Les pièces versées aux débats étant insuffisantes pour justifier de la créance, le jugement sera confirmé en ce qu'il a débouté la Société Générale de sa demande en paiement au titre du crédit renouvelable Réservea.
sur le compte à vue:
Le premier juge a débouté la Société Générale de sa demande en paiement au titre du compte à vue au motif que celle-ci ne produisait pas les conditions générales du compte auxquelles la convention de compte renvoie.
La Société Générale ne produit pas les conditions générales du compte à vue, même en cause d'appel.

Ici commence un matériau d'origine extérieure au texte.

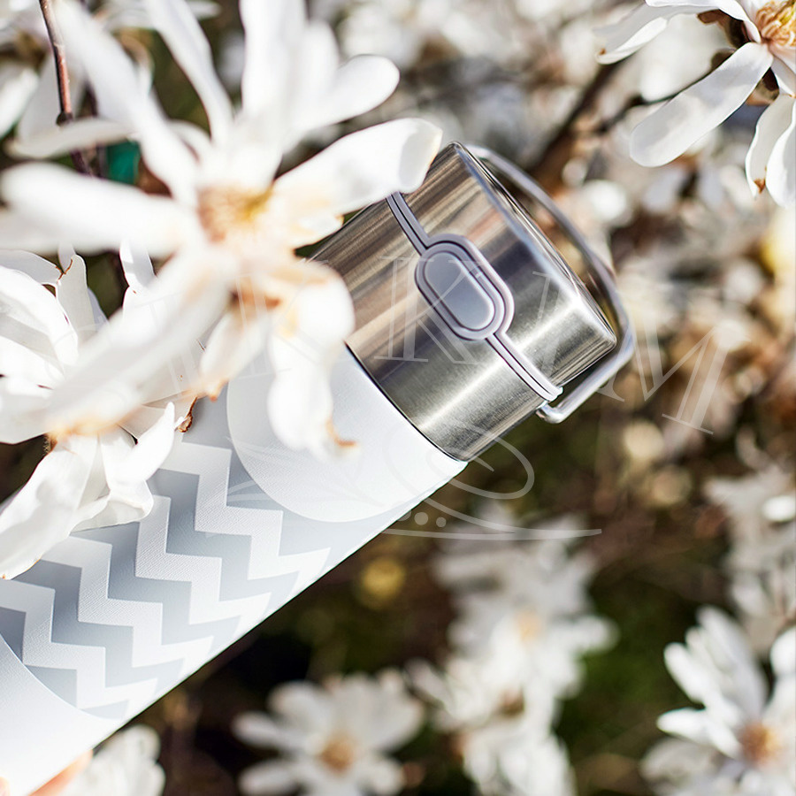 Motyw zdobiący stalowy termos jest nowoczesny i chwytający oko. Wpisuje się on w stylistykę pozostałych przedmiotów stanowiących kolekcję, jak na przykład kubki, czy metalowe puszki. W tym modelu przestawia on szaro srebrne figury geometryczne na białym tle. Urządzenie ma 23,5cm całkowitej wysokości (bez ruchomej rączki) i 7cm średnicy.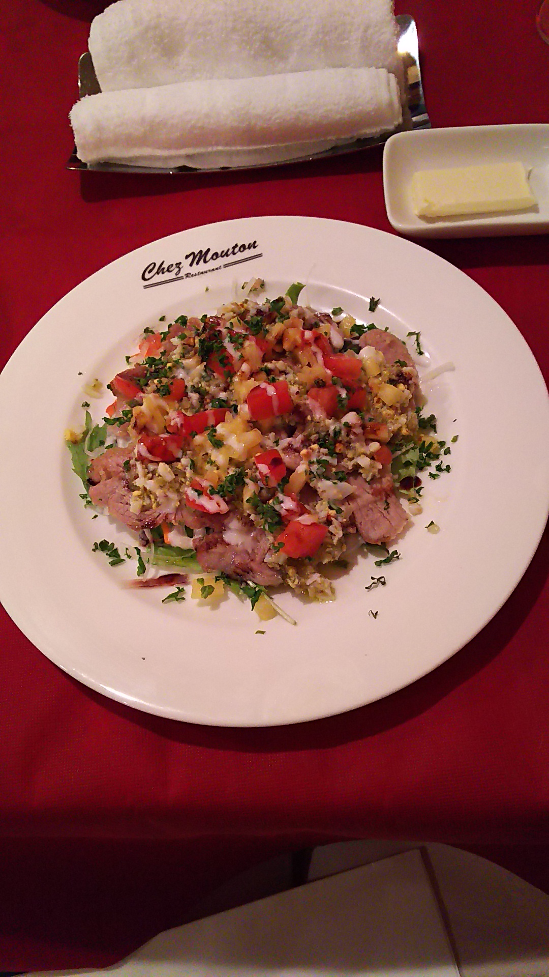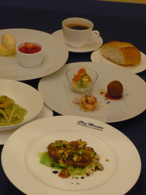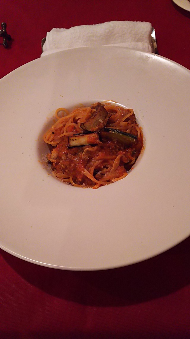 前菜の盛りの良さと肉が美味そうなんだけど、どうしてもパスタ皿が気になるw

Toutefois, l'autorisation de découvert de 1.500 euros sur ce compte ne résulte pas de ces conditions générales mais de l'offre préalable acceptée le 25 août 2017. Les relevés de compte de M. [K] pour la période du 2 octobre 2019 au 3 février 2021 montrent que le solde du compte n'a excédé l'autorisation de découvert accordée qu'à compter du 2 janvier 2021 et s'élevait à la somme de 2.222,49 euros au 26 janvier 2021, date de la clôture du compte considéré. M. [K] sera condamné à payer cette somme outre intérêts au taux légal à compter du 6 octobre 2021, date de l'assignation valant mise en demeure.
Par ailleurs, compte tenu de la demande de la Société Générale à cette fin, il convient d'ordonner la capitalisation des intérêts par année entière en application de l'article 1343-2 du code civil.
La Société Générale obtenant partiellement gain de cause dans le cadre de son recours, M. [K] sera condamné aux dépens de première instance et d'appel, avec le droit pour la SAS Tudela Werquin & Associés, avocats, de recouvrer directement les dépens d'appel dont celle-ci aura fait l'avance sans avoir reçu provision en application des dispositions de l'article 699 du code de procédure civile. L'équité ne commande pas en l'espèce d'allouer à la Société Générale une indemnité au titre de l'article 700 du code de procédure civile et le jugement sera confirmé sur ce point.
PAR CES MOTIFS,
La Cour,
Confirme le jugement en ce qu'il a débouté la Société Générale de sa demande de paiement au titre du crédit renouvelable Reservea n°[XXXXXXXXXX03] signé le 25 août 2017 entre Ies parties et de sa demande sur le fondement de l'article 700 du code de procédure civile;
L'infirme pour le surplus;
STATUANT A NOUVEAU,
Condamne M. [K] à payer à la Société Générale la somme de 2.222,49 euros au titre du compte à vue n°[XXXXXXXXXX01] outre intérêts au taux légal à compter du 6 octobre 2021;
Ordonne la capitalisation des intérêts échus par année entière;
Condamne M. [K] aux dépens de première instance et d'appel, avec droit de recouvrement direct des dépens d'appel au profit de la SAS Tudela Werquin & Associés, avocats, en application de l'article 699 du code de procédure civile;
Rejette la demande de la Société Générale sur le fondement de l'article 700 du code de procédure civile en cause d'appel.